Farm kids are not the only ones going to 4-H clubs anymore.
The U of M Future Leaders 4-H Club is a group where students can learn practical skills including leadership, finance, public speaking and holding formal meetings.
U of M’s 4-H club started in 2012, but these clubs have a much longer history. In Canada, 4-H clubs began over 100 years ago in Roland, Man., teaching rural children practical skills like sewing, woodworking and cooking.
It has since expanded internationally, evolving to teach members practical skills for today.
Brittany Pankiw is the director of communications external of the U of M’s 4-H Club.
This marks Pankiw’s third year with the U of M’s 4-H club, but growing up she was also a member of her local chapter of 4-H in Morris, Man., for about seven years.

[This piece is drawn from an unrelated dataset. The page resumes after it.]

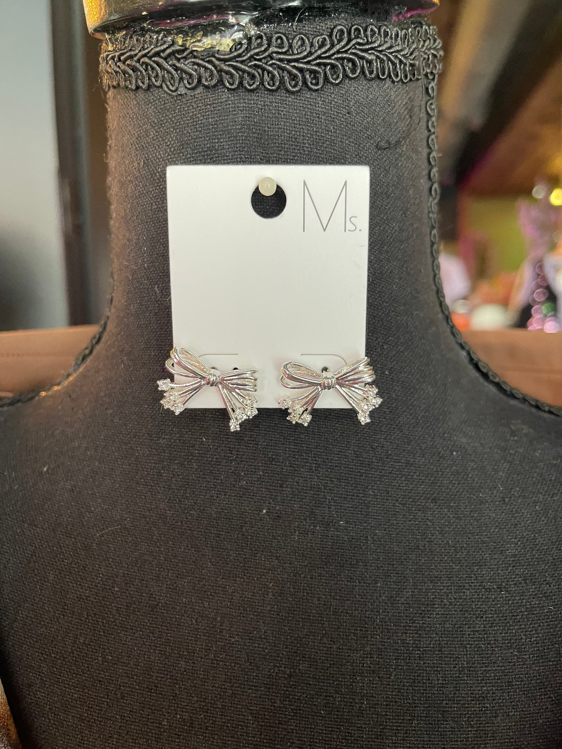 Silver Rhinestone Bow Studs

“We’re learning to do by doing, that’s the 4-H motto,” said Pankiw.
The club makes sure their members get opportunities to practice diverse skills, hosting workshops and participating in a public speaking competition.

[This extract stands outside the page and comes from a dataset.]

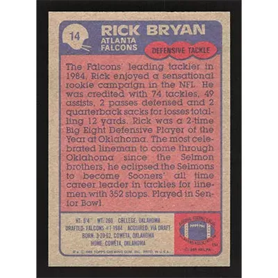 This is a 1985 Topps Rick Bryan football card. The card is #14 and pictures show condition.

“What we do is find qualities of ourselves that we want to improve that would make us better leaders,” she said.
Fifteen hours of participation qualifies students for a full year as a 4-H member along with participation in the club’s public speaking event. It is a good thing to have on your resumé, according to Pankiw.

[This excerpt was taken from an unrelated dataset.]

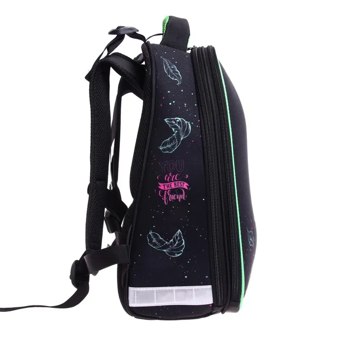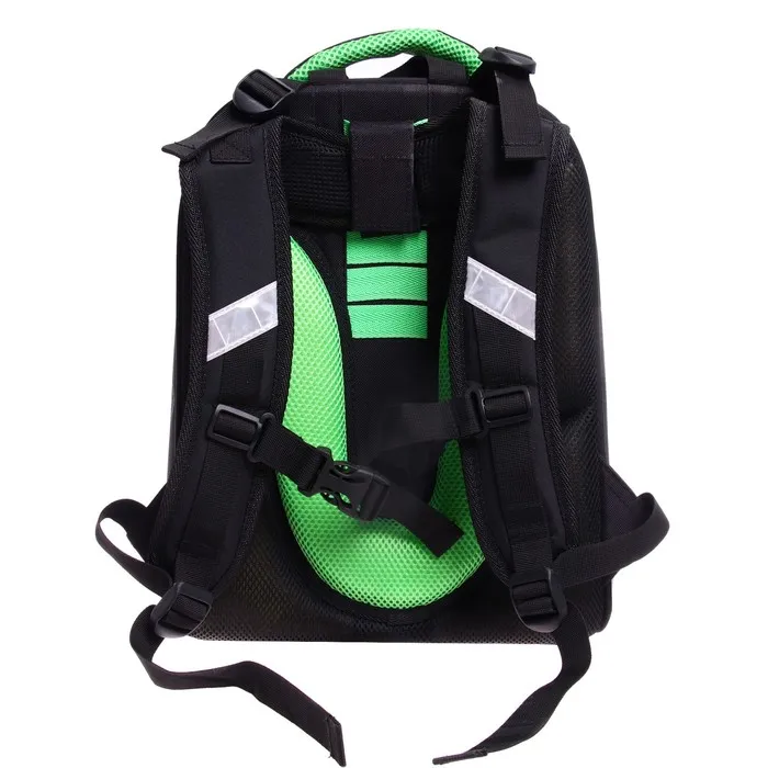 Ранец изготовлен из формованного EVA-материала и высокопрочного непромокаемого полиэстера. Размер 30 х 38 х 16 см. Вес 900 г. Прочные формованные стенки и дно ранца позволяют надежно защитить содержимое от влаги, загрязнений и предотвращают его замятие. Ранец с двумя вместительными отделениями, закрывающимися на реверсивную пластиковую молнию с металлическими «бегунками»; в первом — «плавающие» перегородки для тетрадей и учебников, во втором – большой карман из сетки и карманы-органайзеры для канцелярских принадлежностей. Плотная спинка с анатомическими элементами дополнительно укреплена пластиком, сверху – дышащая трехслойная сетка. Лямки-маечка плотные, мягкие. Регулируются по длине и высоте, что позволяет без труда отрегулировать их по росту ребенка. Ранец снабжен надежным нагрудным фиксатором. Есть удобная мягкая ручка для переноски и дополнительная петлевая ручка для размещения ранца на крюке. На дне ранца есть две пластиковые ножки. В соответствии с требованиями к безопасности на дороге, ранец имеет светоотражающие элементы на лямках и корпусе.

“Especially within the agriculture industry, saying that you’ve been a part of 4-H is a huge thing just because 4-H is so deeply rooted in agriculture, but other faculties are starting to realize ‘Well this person has really good public speaking skills, they know how to run a meeting,’ and stuff like that,” said Pankiw.
The age range for 4-H clubs has recently expanded from ages 6 to 18 to 6 to 23.
Once members “graduate” from their clubs, they often become leaders in their home clubs.
The U of M’s 4-H club is open to students of all ages, but students over the age of 23 will typically be classified as a leader.
“We’re one of the only adult clubs in all of Canada,” said Pankiw.
The club hosted its first social, the Clover Leaf Social, in March.
“Our goal was to raise money towards helping the 4-H endowment fund, which provides scholarships for students in 4-H, and then also for Winnipeg Harvest,” said Pankiw.
The social raised a total of $2,000, which was split evenly between Winnipeg Harvest and 4-H.
The club also holds bake sales through the school year to raise funds.
Pankiw said the club’s main goal right now is to recruit new members.
“We’ve all been in 4-H for a while, so we’re trying to get new ideas,” said Pankiw. “We’re working also on getting funding from the faculty of agriculture to do more professional workshops, so really focusing on how to run a meeting and how to be that future leader that we want to be,” said Pankiw.
The club will be holding an info meeting for new students Sept. 25 in 130 Agriculture Building.